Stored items
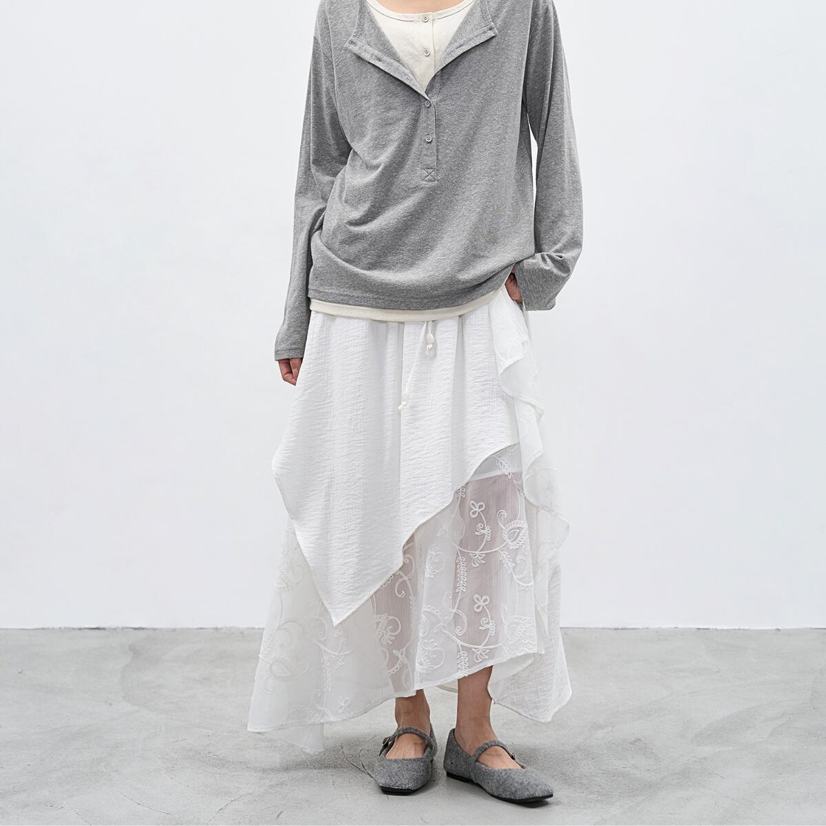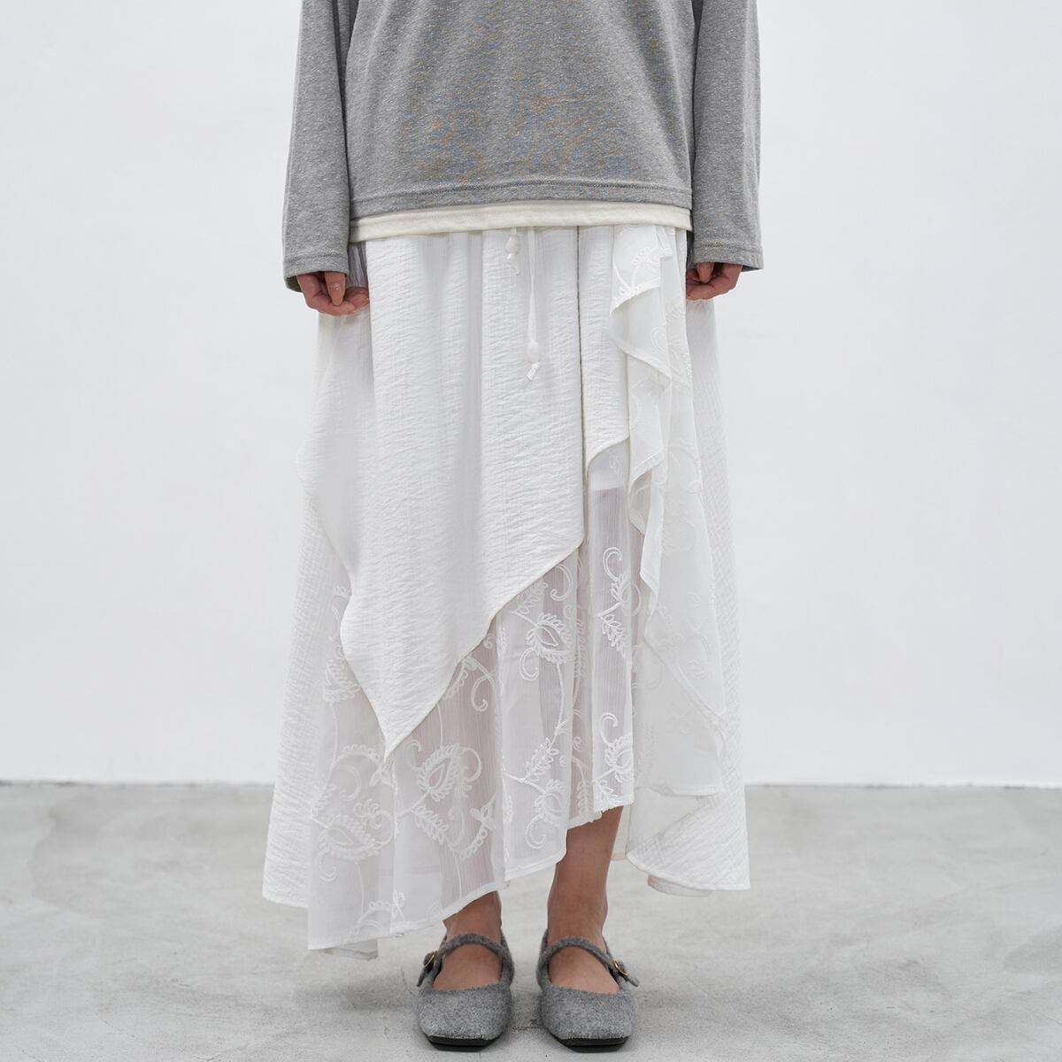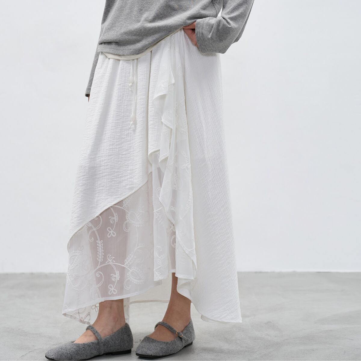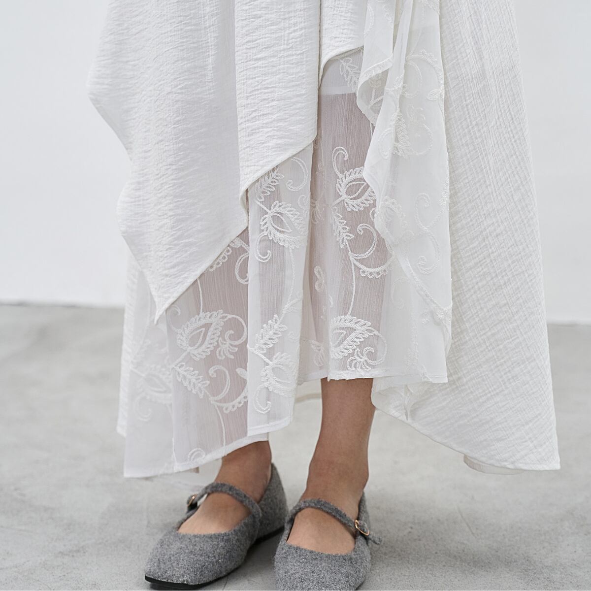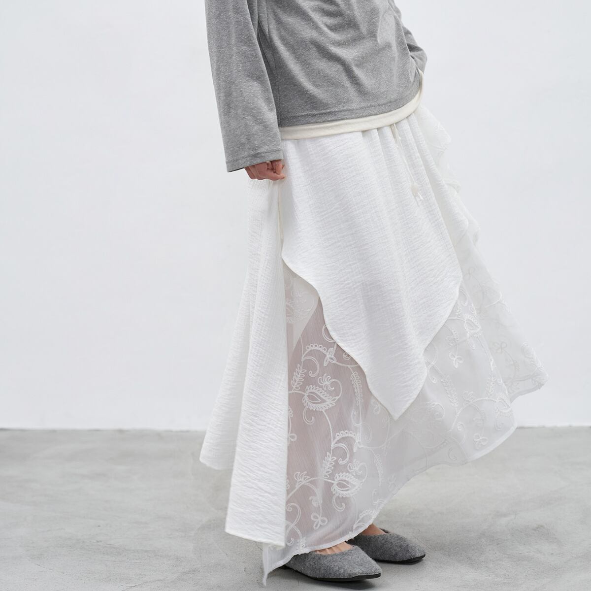 軽やかなシアー素材と繊細な刺繍を重ねた、上品な存在感を放つレイヤードマキシスカート。
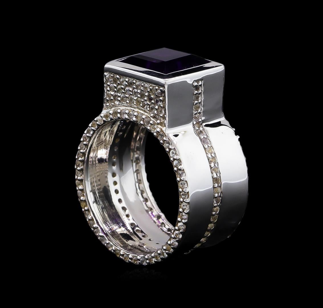 From the brand whose products have inspired creative expression for more than 110 years comes this beautiful ring by Crayola. This stunning piece of jewelry reflects the image and colorful personality of the Crayola brand. The Ring features .925 Silver With Rhodium weighing 8.2oz containing Purple Heart Amethyst (AAA) Square 9.00mm - 1Pc + Natural White Sapphire Round 1.10mm - 195Pcs (With J BACK). Total Amethyst weight is 3.5ct. Total White Sapphire weight is 1.76ct.
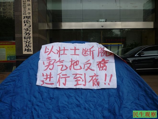 民生观察工作室2014-1-21消息:2014 1月20日,重庆市两会期间,永川市民袁影在重庆市检察院第五分院搭帐篷举报重庆市江津区公房管理所非法进行房地产开发,所有资金未纳入国家财政。永川市民袁影表示,要按照习近平总书记的讲话精神去做:“以状士断腕勇气把反腐进行到底”。绝不让国有资产流失。
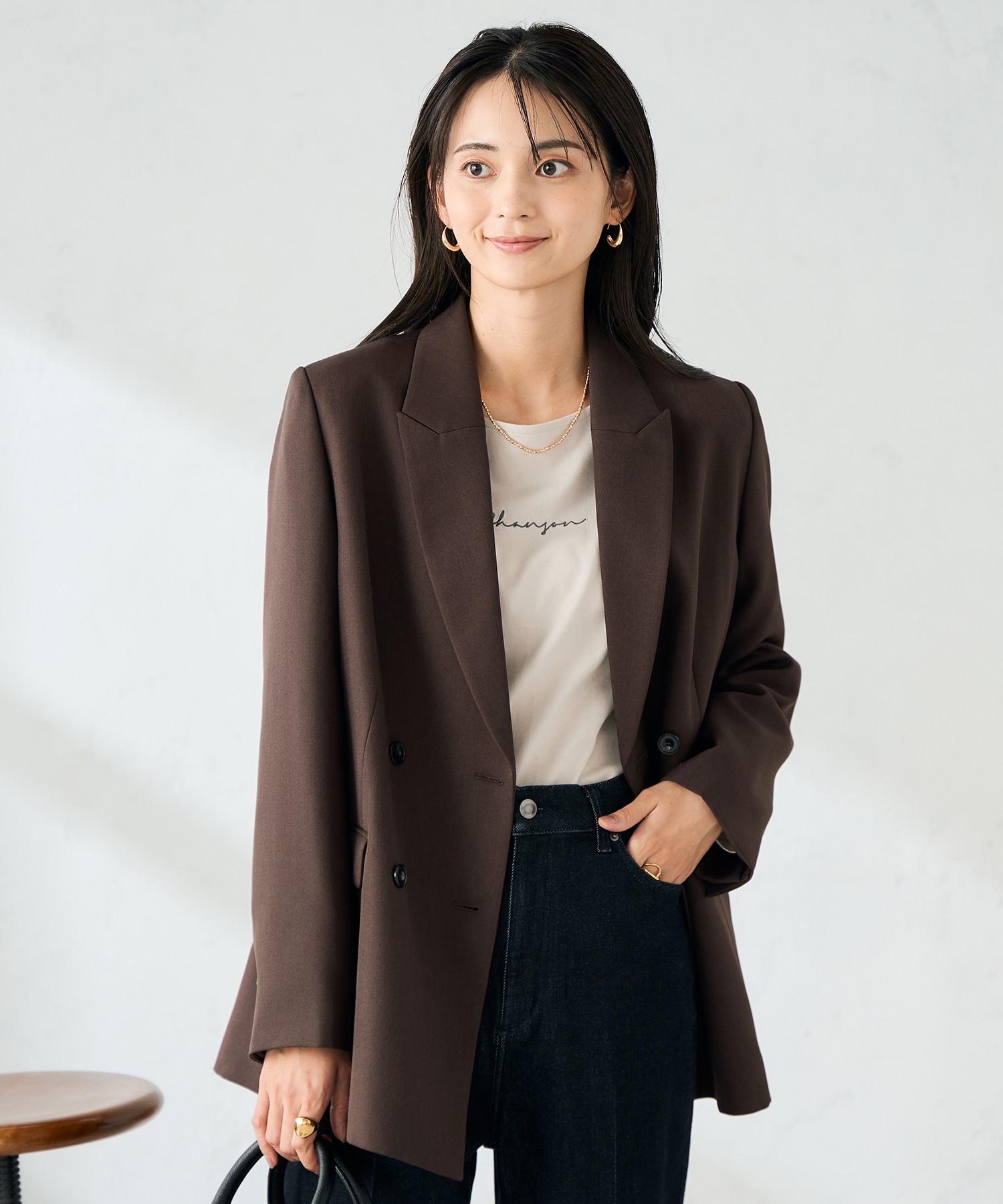 お仕事、セレモニーにも。一味違ったダブルのジャケットでオシャレ見えコーディネートです。
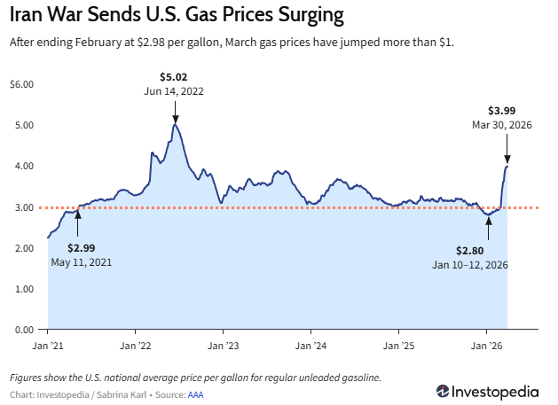 据好意思国汽车协会(AAA)的数据显现,自3月初以来,全好意思平均汽油零卖价钱照旧高潮了1好意思元多,其时全好意思平均价钱为2.98好意思元。下图揭示了油价是如安在短短不到一个月工夫里快速飙升的:
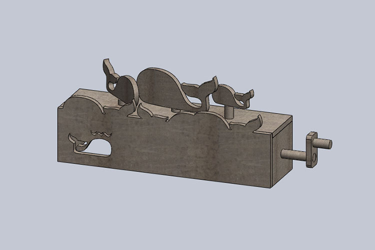 My automata reference came from a video I saw online, where there is a mouse character is trying to catch the food in front of it, the movements were done by egg cams, which it controls the hand and tail of the character. I feel inspiring about how it gives lives and characters into the automata. The idea of my automata is based on the sea waves forms and movements, and how it will look among different layers and distance. I intended to add whales on top of the waves as I want the automata has its characters in it. The whales rotate itself randomly, so that it gives more depth to the ocean scene.
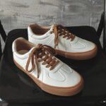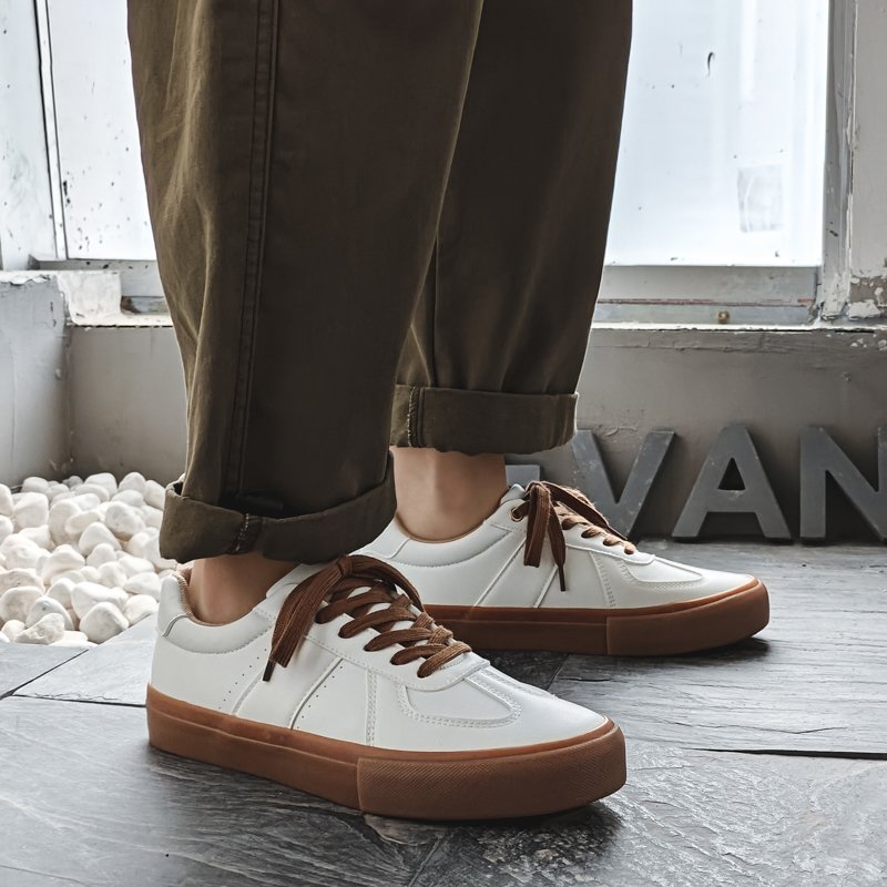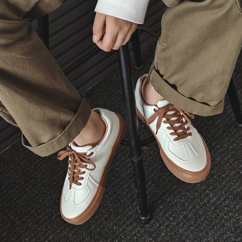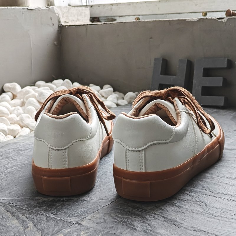 These stylish and minimalist white casual shoes are designed with a focus on classic aesthetics and practical functionality, making them a perfect match for various everyday outfits. The upper is crafted from high-quality synthetic leather, offering a smooth texture and easy-to-clean surface for a sleek and refined look. Paired with brown rubber soles and matching laces, the design exudes a subtle retro vibe while providing excellent traction and durability for stable, comfortable walking. The soft and breathable inner lining ensures a lightweight and snug fit, delivering all-day comfort. Whether for commuting, traveling, or casual outings, these shoes add understated elegance and timeless style to your wardrobe.
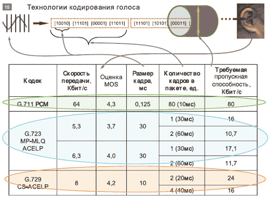 Немаловажным аспектом является набор и особенность реализации используемых в VoIP технологий кодирования голоса (т. е. кодеков). Несмотря на то что кодеки стандартизованы (см. Рисунок 15), качество звука, полученное в результате прохождения всей цепочки, у разных производителей может отличаться. И тут не обойтись без предварительного изучения продукта.
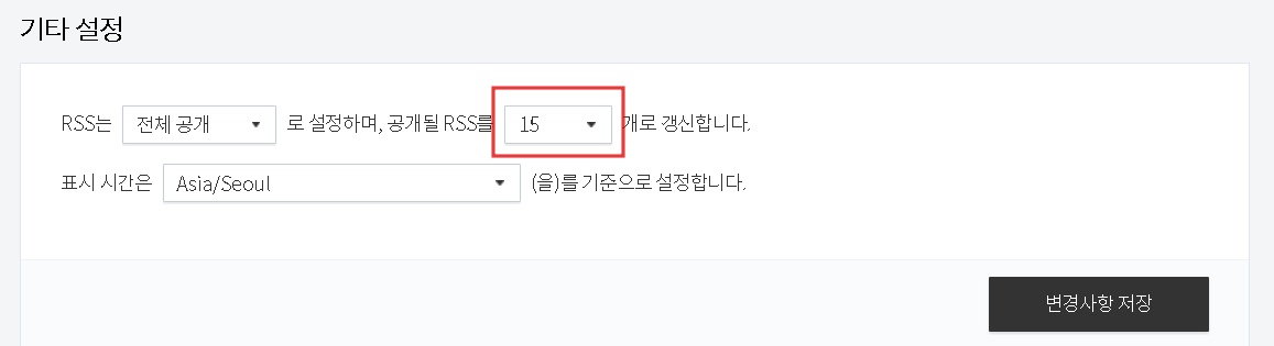 여전히' 'RSS 본문크기를 줄여주세요' '올바른 rss 가 아닙니다.' 라는 경고창이 뜨면 다시 블로그로 돌아와 공개될 RSS 개수를 15개로 줄여줍니다.
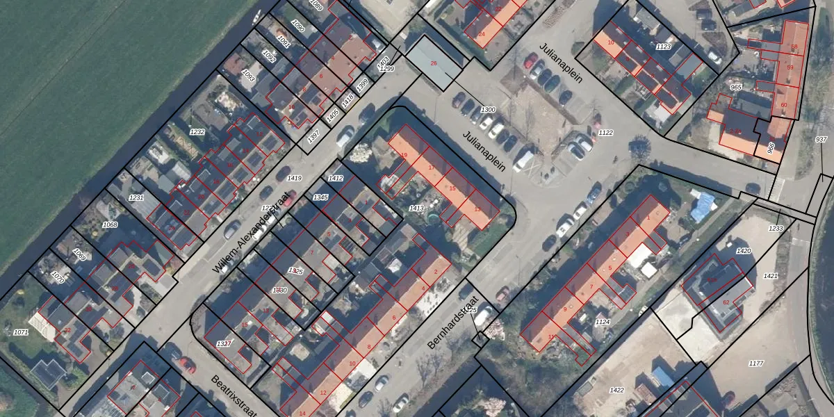 Gebruik de zoekbalk of klik op een perceel om informatie over het perceel te bekijken.
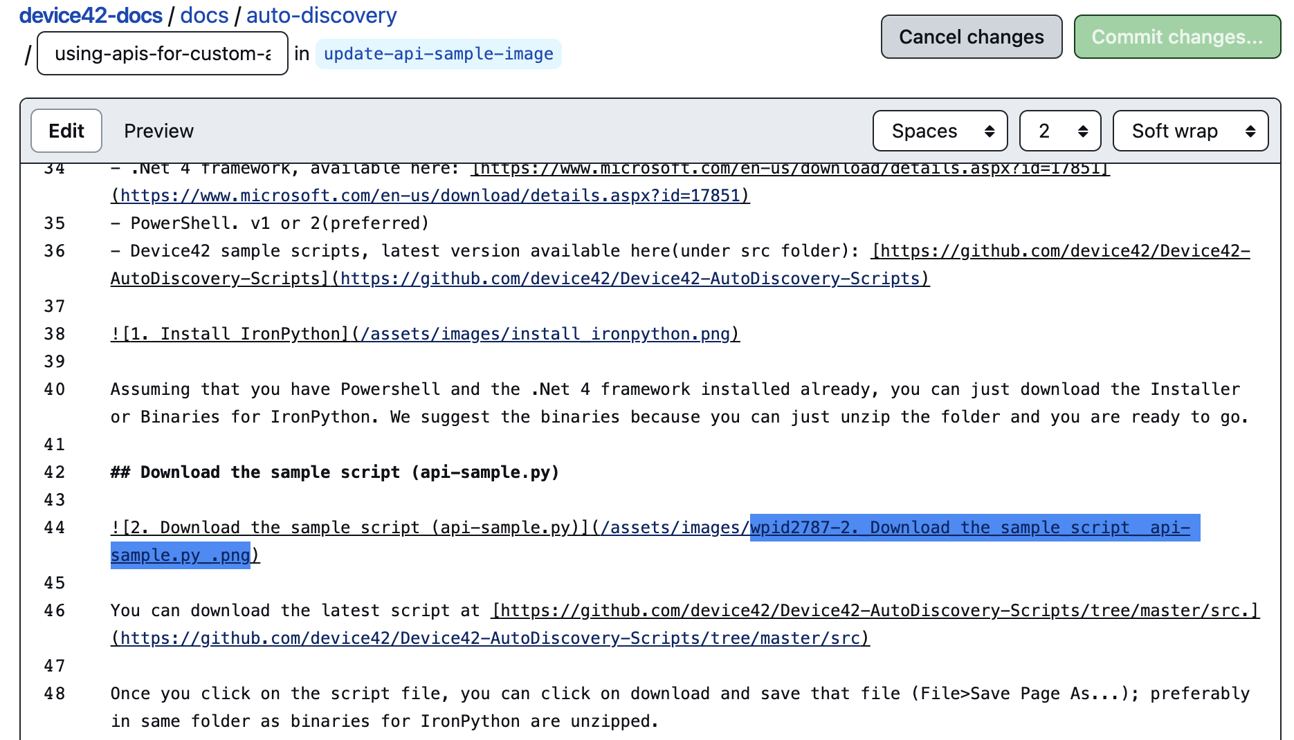 In this video, we update the IronPython screenshot on the "Using APIs for Custom Autodiscovery" page. We begin having already forked a copy of the Device42 GitHub repository.
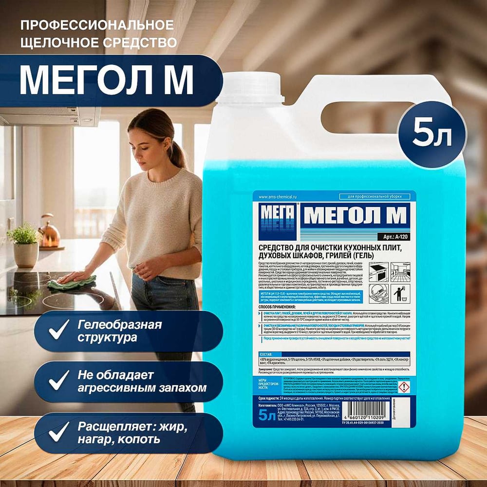 Средство для очистки кухонных плит, духовых шкафов, грилей МЕГА МЕГОЛ гель М 5 л А 120

◆ **Task requirements**
Only lines from the one holding "In this video, we" through the last line of the entries above are wanted, both ends included, each retyped exactly; no pictures.

◆ **Result for this task**
 In this video, we update the IronPython screenshot on the "Using APIs for Custom Autodiscovery" page. We begin having already forked a copy of the Device42 GitHub repository.
 Средство для очистки кухонных плит, духовых шкафов, грилей МЕГА МЕГОЛ гель М 5 л А 120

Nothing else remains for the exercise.